Он по-солдатски развернулся и, умело скрывая разочарование, качнувшись у двери, вышел строевым шагом на крыльцо, огляделся, потом уныло побрел на ферму.

Старая Евменовна, дотошно изучавшая у прилавка поблекшие ценники на конфеты - решала, какие послать внукам в армию, - одобрительно закивала головой, хоть ничего не поняла. Потом быстренько выбрала те, что "рупь ровно", и, прижимая кулек к груди, засеменила за участковым.

Андрей, выйдя из магазина, присел на скамейку и, сняв фуражку, положил ее рядом.

В селе было тихо. Изредка гремело ведро, падая в колодец, слышался где-то на дальнем конце глухой стук топора, противно, с явной неохотой, задребезжала коза у Пантюхиных. И только во всю мочь горланил запоздалый петух председателя.
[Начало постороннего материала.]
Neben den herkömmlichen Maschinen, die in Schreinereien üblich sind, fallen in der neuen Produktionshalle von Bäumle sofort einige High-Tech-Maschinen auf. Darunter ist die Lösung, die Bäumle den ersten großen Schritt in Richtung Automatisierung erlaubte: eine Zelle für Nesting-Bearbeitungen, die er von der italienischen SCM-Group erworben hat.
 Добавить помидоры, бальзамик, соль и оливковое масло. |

Трудно Андрею было работать. Правда, признали его сразу - сумел себя поставить. Но ведь чуть не все сельчане - родня, друзья, знают его с детства. Теперь вот многие держат обиду на него - не узнают при встрече, отворачиваются, особенно после того, как повел непримиримую борьбу с пьянством. Прежний участковый был не из местных, для всех чужой, для каждого - понятная, законная власть. Андрей же вроде свой, должен, по мнению многих, иногда и поблажку сделать, в положение войти. Не входит. Правда, на селе заметно спокойнее стало, порядку прибавилось. И помощники настоящие появились, и дружина стала работать как надо, со строгостью. Но многие еще косятся на него, никак не поймут, что не для себя, не для авторитета своего старается. А с другой стороны, случится что - все-таки к нему бегут, у него ищут и помощи, и защиты, и совета. Непонятная история...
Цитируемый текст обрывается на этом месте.